The aim of this course is to give you an introduction to Bayesian statistics. It is by no means intended to be an exhaustive course, so at the end of it, there will still be a lot for you to learn. However, I do hope that at the end of this workshop you’ll have a better understanding of Bayesian statistics, how it differs from Frequentist approaches, and how to incorporate some Bayesian methods into your research.

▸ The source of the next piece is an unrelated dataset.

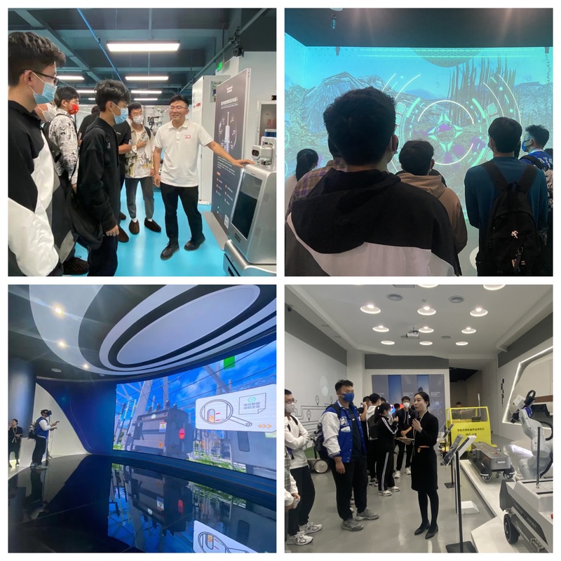在工作人员的引导下,同学们先后参观了电力馆、轨道交通、石油石化馆、未来馆、实验室等,听取了杭电校友关于企业发展历程、科技创新、人才招引、企业文化、成果转化等方面的情况介绍,并在展示区驻足观看、亲身体验3D实镜检测、力反馈等前沿技术,深入了解了智能巡检机器人、线路巡检机器人、列车车底检测机器人等轨道交通智慧产品,近距离接触了企业的实际产品和应用。在校友的带领下,同学们还参观了申昊党群人才服务中心,深入了解企业党建文化。
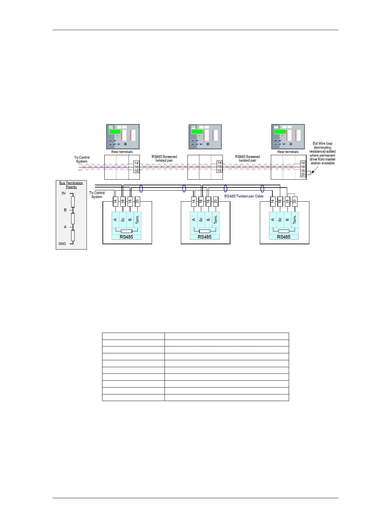 using a suitable RS485 120 Ohm screened twisted pair cable.

In this course we’ll primarily focus Bayesian hypothesis testing using Bayes factors. We’ll also discuss how Bayesian hypothesis testing differs from Null-hypothesis significance testing. Bayesian hypothesis testing with Bayes factors is just one of many approaches that could fall under the heading on Bayesian statistics. Other approaches would include things like Bayesian paramter estimation, and Bayesian regression modelling. These other approaches are definitely worth learning, but there simply aren’t within the scope of this short workshop.

How to use this book

You can read through this book just like you would read through any course notes. However, you’re get the most out of it if you work along with the code. To work along with the code click on one of the two badges that appear at the start of each chapter.

The first badge will allow you to download the RMarkdown file that contains all the code for the examples. You’ll be able to load this up in RStudio.

The second badge will allow you to open the chapter in Google Colab. The interface for Google Colab is similar to an RMardown document in that it will contain code and text. However, you won’t need R installed and you’ll be able to work with the file directly in your web browser. If you make any changes to the document then you’ll be able to save these directly in you Google Drive account. You’ll just need to login with a GMail account.


In the first part of this course will be a refresher on frequentist methods. In particular, we’ll talk about the sampling distribution, where it comes from, and how we do inference with it. Following this, we’ll cover some of the features of sampling distributions that have been criticised by Bayesian. From the sampling distribution, we’ll move on to likelihoods. We’ll see that likelihoods don’t suffer from some of the problems of sampling distributions, and we’ll see how to do inference with likelihoods.

Finally, we’ll learn how to compute and interpret Bayes factors, and we’ll learn about some of the considerations that go into specifying models for Bayes factors.